This column first ran in The Tablet in January 2014
On February, 15, 2013 [one year before this column first ran], a twenty-meter chunk of space rock hit the Earth over Chelyabinsk, Siberia. Shining brighter than the sun, its fall was recorded by video cameras as far as 700 km away. Thousands of people in Chelyabinsk ran to their windows to see what that bright light was; a few moments later, the impact’s sonic boom arrived and shattered those windows. More than 1500 people were hurt by flying glass and debris. Seventy kilometers west of Chelyabinsk, an eight meter wide hole was found in the ice of Lake Chebarkul; last summer, a half-ton meteorite was recovered from the lake bottom.
It’s not every day that a rock with half a megaton of energy hits the Earth above a major city (a million people live in Chelyabinsk). But near earth asteroids are hardly rare. The Minor Planet Center in Cambridge, Massachusetts, keeps track of these bodies, and their Twitter account regularly announces the arrival of asteroids coming close to Earth. In just the first week of January this year, these included: asteroid 2014 AF16, about 40 meters large, which came within 33 times the distance of the Earth to the Moon on January 5; that same day, asteroid 2013 YE48, about 75 meters large, came within 26 lunar distances; on January 4, asteroid 2013 YT102, 40 meters across, came within 17 lunar distances; while asteroid 2013 XX8, 50 meters across, came within 20 lunar distances. On New Years Day itself, asteroid 2014 AF5 (an 8 meter chunk of space rock) came closer to us than the Moon, a mere quarter of the distance from the Earth to the moon.
But even that was not the closest visitor. Asteroid 2014 AA, about the size of a small car, was discovered on New Year’s Eve of 2014 by the Spacewatch program in Arizona. (It was already after midnight Greenwich time, so it counts for 2014.) One day later, it hit Earth somewhere over the Atlantic Ocean.

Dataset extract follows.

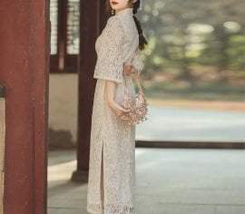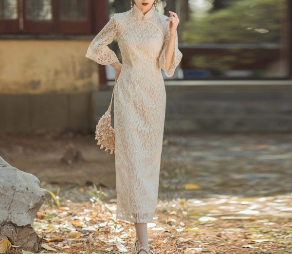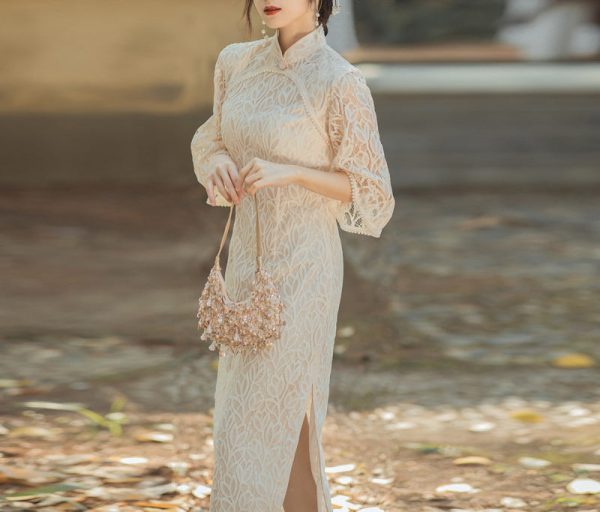 The classic cheongsam dress is paired with loose three-quarter sleeves and prints covering the entire dress. making this dress a perfect blend of the retro and modern atmosphere; When you wear it. you will be the focus of the crowd;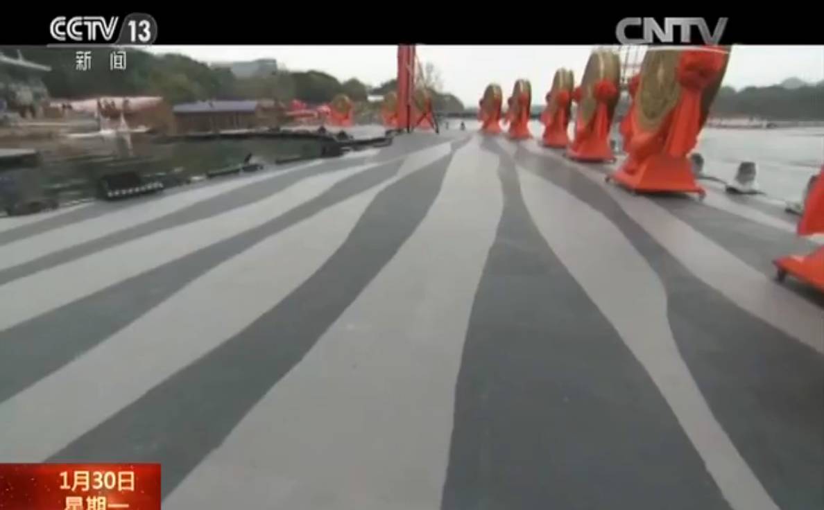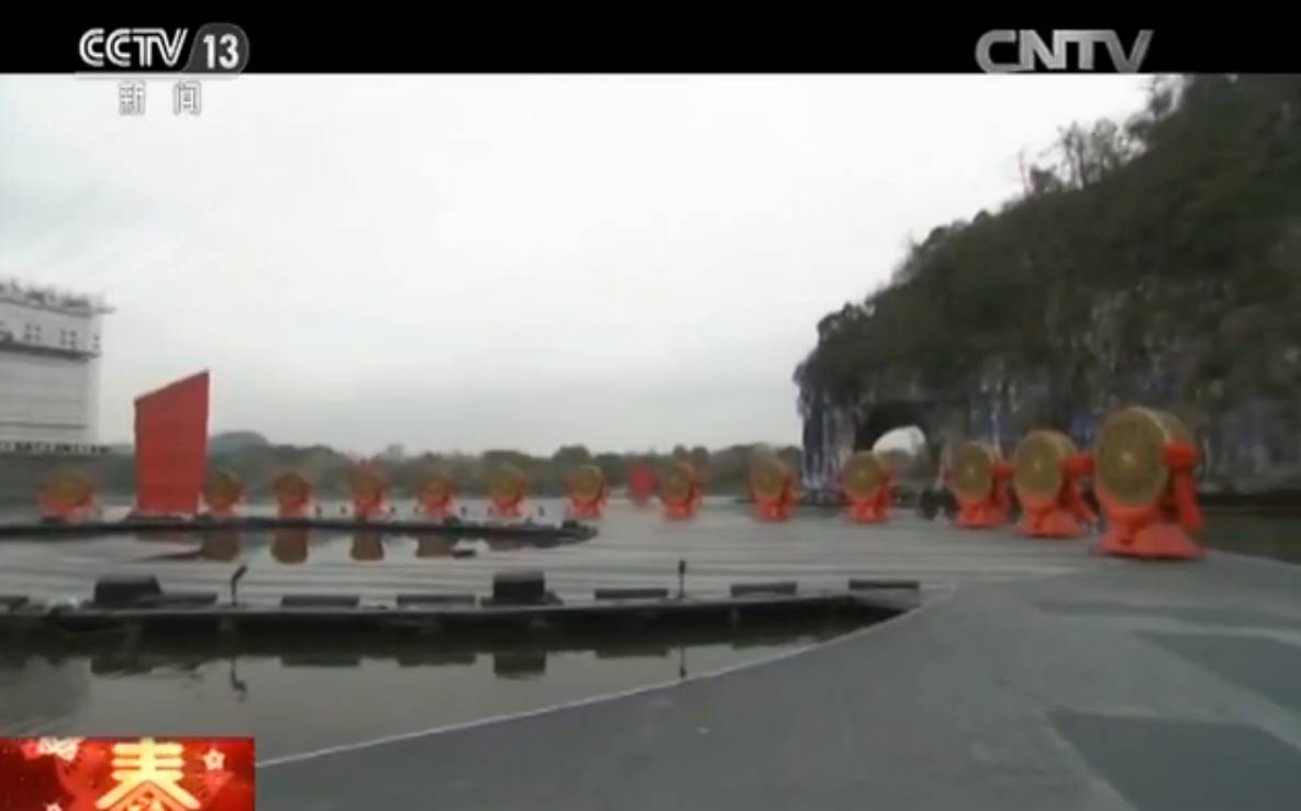 据春晚桂林分会场舞美设计王姗介绍,舞台形状本身就是一种水的涟漪,而且采用黑白相间的环保防滑涂料粉刷,距离水面仅有20厘米左右,夜晚在灯光的照射下,演员们在上面跳舞,就如同在水波上起舞一般美妙。

The asteroid names themselves tell a story. When a new solar system object is detected, it is given a provisional designation: the year of discovery, then a letter for each half month (A is the first half of January, B the second half, and so forth; I and Z are skipped); and then a second letter, naming each object in order of discovery. Thus 2014 AA was the first asteroid discovered in 2014. If more than 25 asteroids are discovered in the given period, and all the letters (“I” is skipped) are used up, then a number is added and you go through the alphabet again. So notice what asteroid 2013 YT102’s name means: in the second half of December, 2013, they went through the alphabet 102 times and then came to letter the T! That’s 2569 asteroids found in just two weeks. So far, we’ve confirmed the orbits of 632,567 asteroids [723,367, as of Christmas 2016]; 10,533 [15,376 as of Christmas, 2016] of them come near Earth.
With all these possible impactors, why haven’t we had more events like what happened over Chelybinsk? In the past, Earth had fewer people, fewer cities, and so fewer targets; cities of a million people in the middle of Siberia are a recent phenomenon. And most impactors, like 2014AA, land on the three quarters of the globe that is ocean. Still, events like this come closer to inhabited areas all the time. Houses and cars around the world have been hit by meteorites.
It’s tempting to think that what goes on in outer space never affects us on Earth, as if the sky were an impenetrable shield. It’s not true. We are part of a bigger universe which can touch us, ready or not. But then, asteroids aren’t the only thing we close our eyes to all the time, as if they didn’t exist.